Deze wederkeerige betrekkingen bepalen zich niet tot de vergaderingen, kollegiën en familiën alleen; zij strekken zich zelfs uit tot bijzondere personen. De leden van de Staten-generaal kunnen genomen worden uit allerlei standen, uit allerlei kollegiën, uit het huis van den Souvereinen Vorst, uit de vloot en het leger; zoodat het slechts van de Staten der provintiën die ze benoemen afhangt, om den bloem der geheele natie in de Staten-generaal te brengen, en om alle mogelijke kunde en talenten in dei vergadering te verëenigen. Hetzelve kan in het vervolg waar gemaakt worden van de Staten der provintiën; de Grondwet behelst niets strijdigs daarmede; zij laat er, in alle opzigten, de deur toe open; de Staten der provintiën, de Ridderschappen, de steden, kunnen alle zoodanige verbeteringen in hunne constitutiën brengen, als zij met den tijd zullen goedvinden.

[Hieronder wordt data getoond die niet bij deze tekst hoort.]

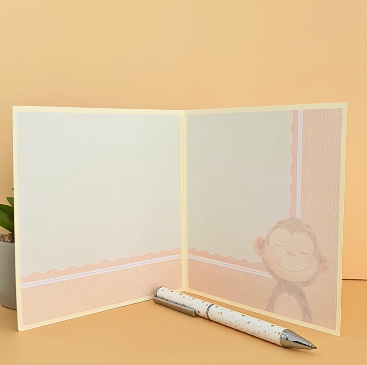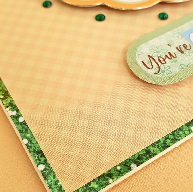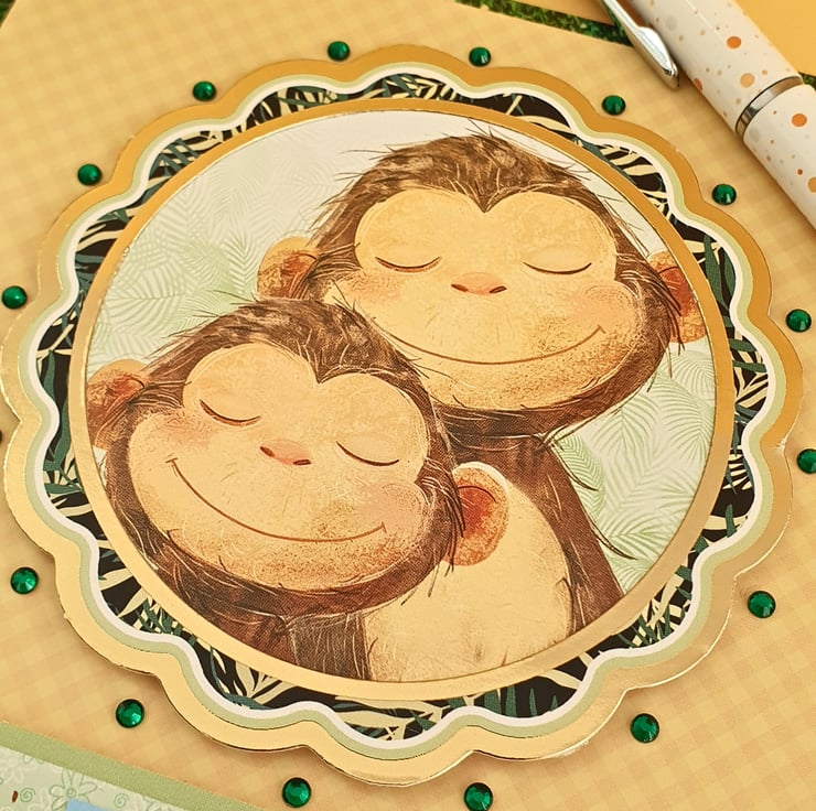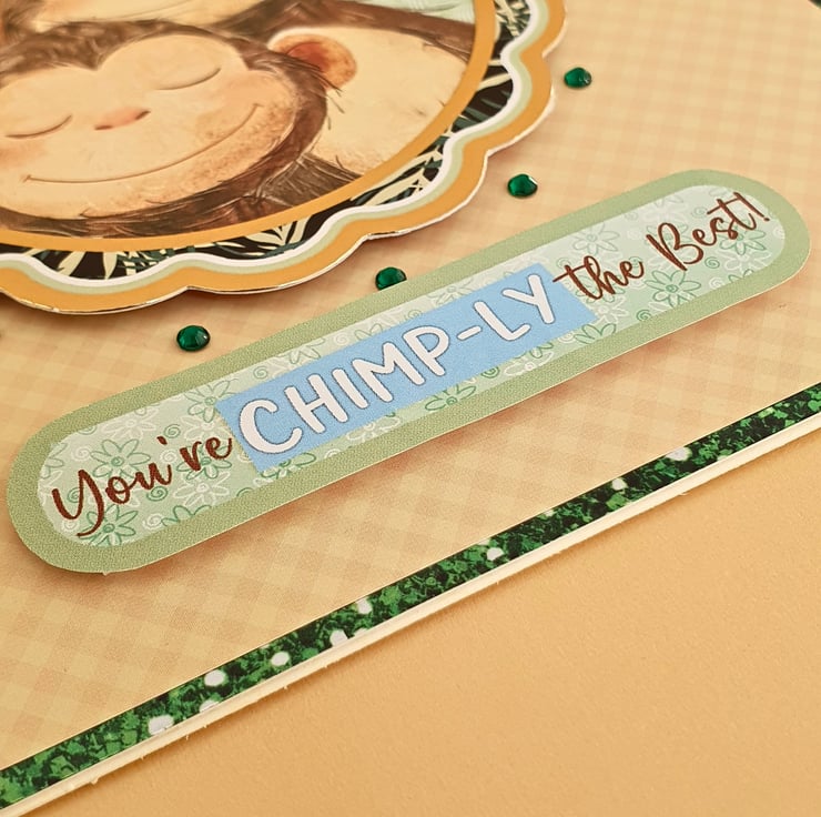 It consists of ivory card base, layered with green mirror cardstock & luxury patterned paper in peach shades. The main topper of a pair of chimps is in the middle of the card, surrounded by a scalloped frame. Between each scallop, there is a small green diamante. The sentiment "You Are Chimp-ly The Best" lays underneath the round topper. Finished with a matching insert that has been left blank for you to add your messages and wishes.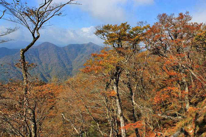 | 桧塚奥峰から桧塚を見る。このあたりも稜線付近の紅葉は終わっている。 |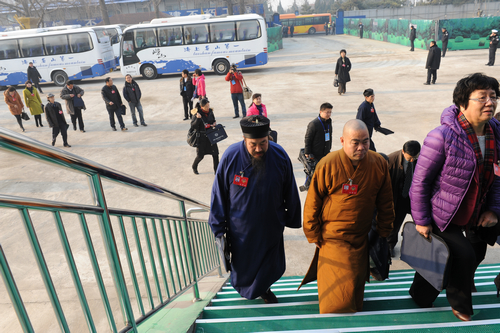 本次大會倡導節儉辦會,開幕式現場無橫幅、無標語,在低調而熱烈的氛圍里,500余名政協委員集中乘坐大巴車,闊步踏入會場。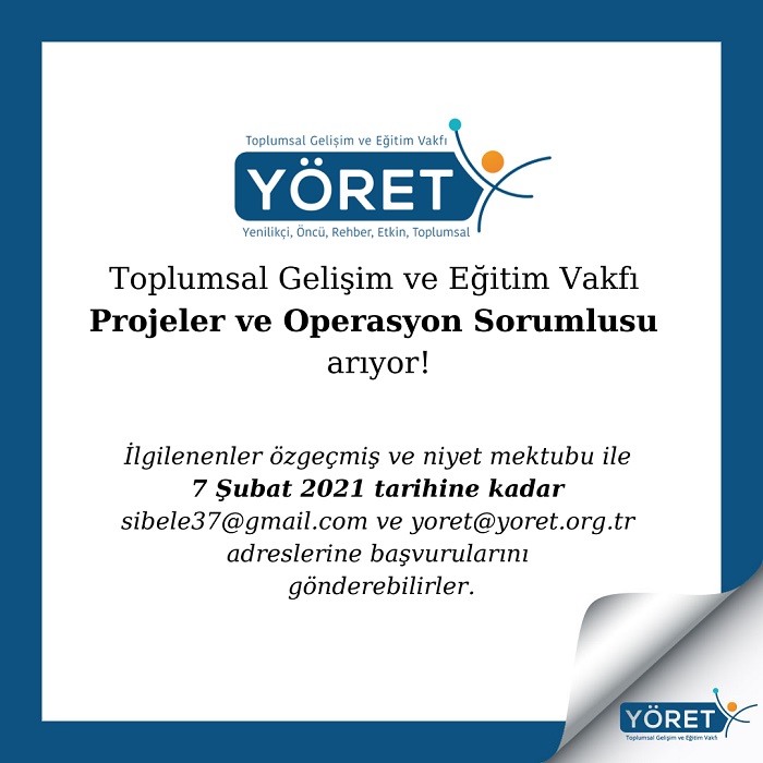YÖRET Vakfı, İstanbul'da görev alacak ''Projeler ve Operasyon Sorumlusu" arıyor. Son başvuru tarihi 7 Şubat 2021.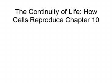 Title: The Continuity of Life: How Cells Reproduce Chapter 10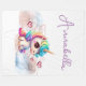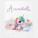 Esta manta mágica y encantadora cuenta con un lindo unicornio bebé con pelo de arco iris y ojos grandes. El pequeño unicornio dulce está sentado en una nube purpurina azul y rosa, y varios corazones de Relieve metalizado rosado flotan a su lado. Un nombre de ejemplo se imprime en la parte superior que puede personalizar para incluir su propio nombre o texto personalizado.

Uit dit zamenvloeijen in de Staten-generaal en in de Staten der provintiën van menschen, uit alle standen, edellieden, stedelijke regenten, regters, militairen, kooplieden, hoflieden, spruit natuurlijk voort een gemeenzame omgang, een vriendschap, eene mededeeling van denkbeelden, die al wat, om reden van orde, van regelmatigheid, heeft moeten afscheiden worden, wederom verëenigt, met banden van onderlinge genegenheid aan elkander hecht, en eenen zin voor Vaderland, eenen public spirit door alle de klassen van ingezetenen verspreidt, en in alle de gemoederen opwekt.

2.

Ontwikkeling artikel

1798

Het Uitvoerend Bewind bedient zig, ter volbrenging zijner verschillende werkzaamheden, van de volgende agt Agenten, als:

Eén van Buitenlandsche Betrekkingen;

Eén van Marine;

Eén van Oorlog;

Eén van Financie;

Eén van Justitie;

Eén van inwendige Policie en toezigt op den staat, van Dijken, Wegen en Wateren;

Eén van Nationaale Opvoeding, waaronder begrepen is de Geneeskundige Staatsregeling, de vorming der Nationaale Zeden, en de bevordering van het openbaar Onderwijs, en van Konsten en Wetenschappen;

Eén van Nationaale Oeconomie, zig uitstrekkende tot Koophandel, Zeevaart, Visscherijen, Fabrieken, Trafieken, Landbouw, en alle andere middelen van bestaan.

1801

De Departementale Bestuuren hebbende aanstelling der Leden van derzelver Gerechtshoven, en voorts van alle Amptenaren en Bedienden tot de huishoudelyke Administratie der Departementen benodigd; zij hebben mede het toezigt over het behoorlijk onderhoud van alle Dyken, Waterwerken, Wegen, Bruggen en dergelyken, welke door onderscheidene gemeenten, Collegiën of Particulieren onderhouden of bekostigd moeten worden.

1806

De Departementale Besturen zijn belast met het doen uitoefenen der Wetten en bevelen, welke aan hun van wegens het Gouvernement worden gegeven.

1814

De werkzaamheden der Staten worden, behoudens de voorschriften daaromtrent bij deze grondwet vastgesteld, geregeld door zodanige bepalingen, als zij noodig oordeelen, en door den Souvereinen Vorst, in geval van goedkeuring, bekrachtigd worden. Zij maken hun eerste werk van het ontwerpen dezer reglementen.